Mon, 25 Sep 2017
Our analysts share three ETFs that could serve as the backbone of a portfolio designed to reduce volatility.
Jeremy Glaser: Creating a defensive portfolio doesn't have to be complicated. We asked our ETF analysts to share three funds that could serve as the backbone of a low-cost portfolio that's less sensitive to market volatility.
Alex Bryan: IShares Edge MSCI Minimum Volatility USA ETF is a really strong defensive equity option if you are concerned about the downside risk that U.S. equities may present. This fund takes a holistic approach to reduce volatility, looking not only at individual stock volatility, but also at how stocks in the portfolio interact with each other to affect the overall fund's volatility.
It also takes steps to preserve diversification, limiting its sector tilts relative to the broad market.
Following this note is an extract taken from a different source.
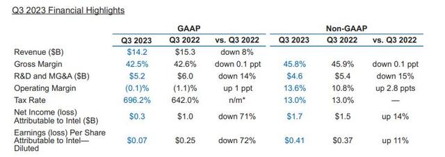 10月26日周四美股盘后,在个人电脑CPU市场占据传统主导地位的芯片巨头英特尔发布了2023年第三季度财报。
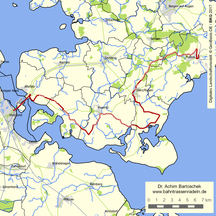 6982 (Rügensche Kleinbahn) / Altefähr – Putbus – Göhren; 60 km (750 mm); Abschnitt Altefähr – Putbus: 35 km |

The types of names it favors are more defensive than most. These are companies like Johnson & Johnson that tend to have relatively stable cash flows. If you look at the fund's performance, it's tended to distinguish itself most during market downturns, and it will likely continue to do so going forward.
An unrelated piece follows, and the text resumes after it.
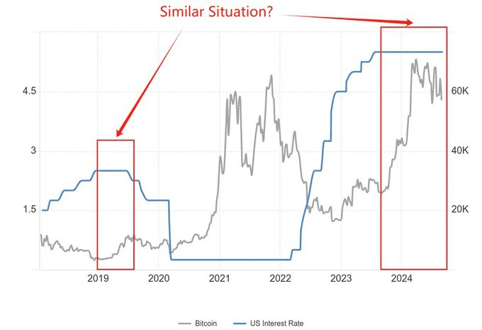 ✜ Wykresy stóp procentowych i cen Bitcoina są identyczne jak w 2020 roku i wydaje się, że jesteśmy blisko powtórki.
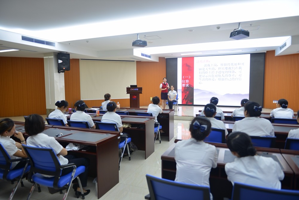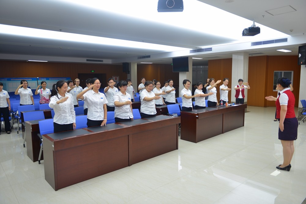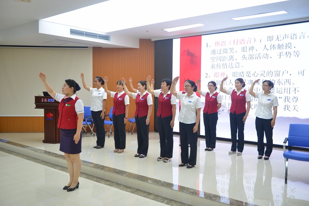 培训老师针对窗口服务礼仪、站姿、坐姿、手势、接待语言、微笑服务等对参培人员进行了示范培训,并对参培人员的着装、仪表、行为规范进行了现场点评。

Now that being said, the fund does tend to lag during strong market rallies, but if you are looking for a smoother ride than the broad market, this is a really solid option. As expected, it has exhibited lower volatility than the overall market. I think over the long haul, it will continue to offer better risk-adjusted performance than the market itself.
Dan Sotiroff: IShares Edge MSCI Min Vol EAFE ETF is a sensible choice for foreign stock investments. This fund uses a slightly different approach to constructing this portfolio compared with the cap-weighted index. It starts with stocks listed in the EAFE index but then chooses those with lowest volatility over the trailing year. It also accounts for how these stocks interact with each other and attempts to construct the least volatile portfolio from those stocks.
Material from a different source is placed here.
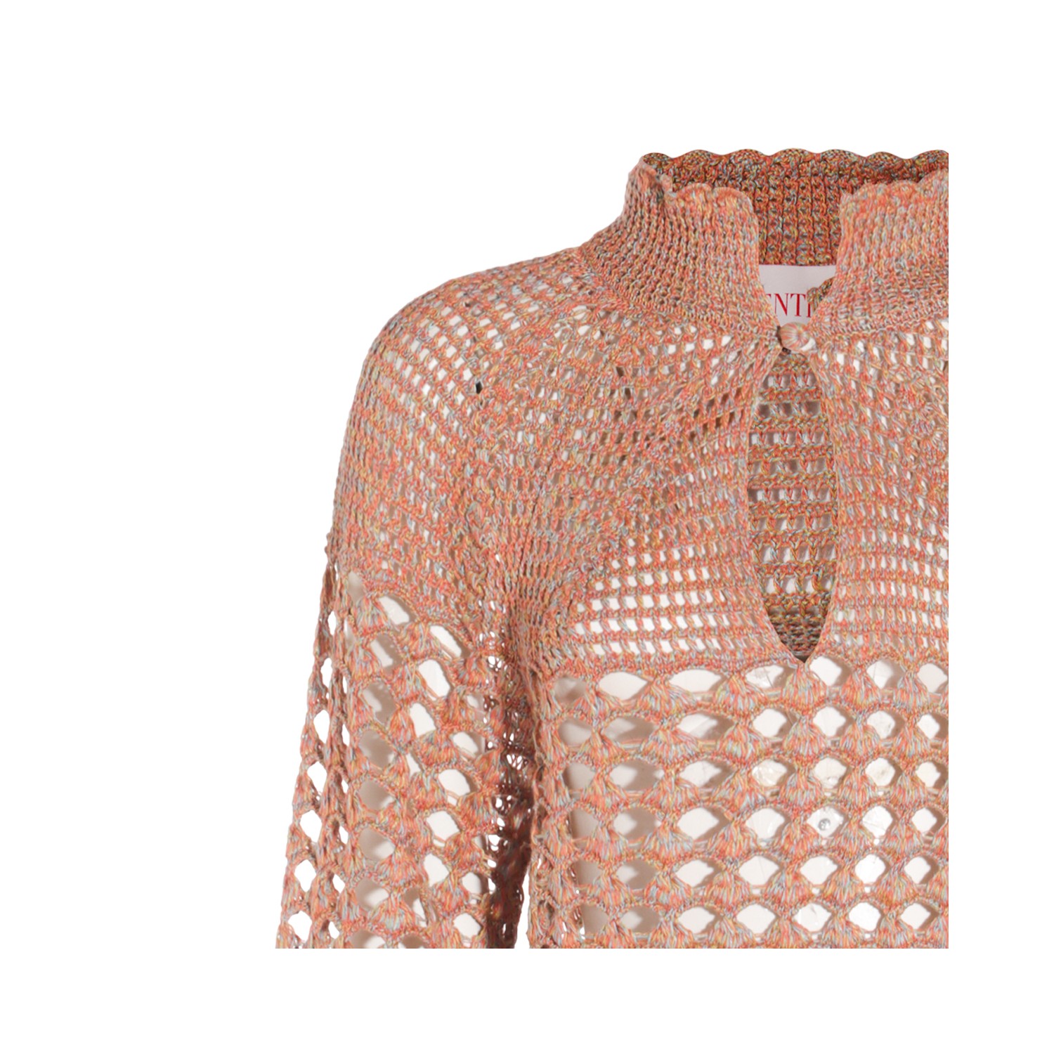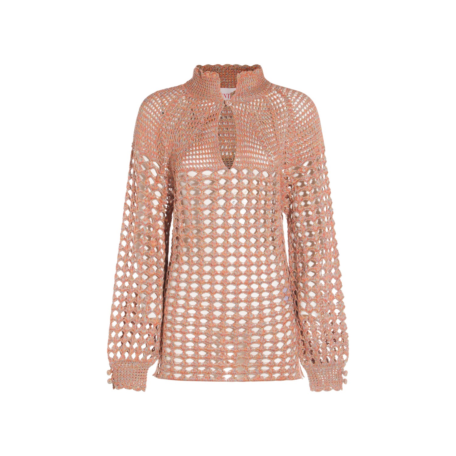 Ocra linen top from Valentino featuring long sleevesm high collar, all over hole and regular vestibility.

Low volatility strategies such as this one can provide smoother returns and better risk-adjusted returns on a comparable market cap-weighted index. As expected, this fund's volatility has been among the lowest in the foreign large blend Morningstar category.
BlackRock currently charges 20 basis points for this fund, which is considerably low considering the alternative strategy in use here. This should give the fund a long-term durable advantage over many of its actively managed peers.
Phillip Yoo: Vanguard's Short-Term Corporate Bond Index Fund is a good option for building a defensive portfolio thanks to its low tracking error, low fee, the conservative rate, and a credit risk profile. The fund tracks a Bloomberg-Barclay's 1 to 5 Year Corporate Index, which is market-cap-weighted allowing the fund to keep its transaction costs low, as it tilts toward largest issues and bonds.
Because it's cap-weighted, the debt issuance activities in the investment-grade space dictate the fund's portfolio. As a result, the fund is concentrated to the banking sector. However, they are large and well capitalized institutions, with a low default risk, allowing it to offer higher yields than comparable government security bond funds.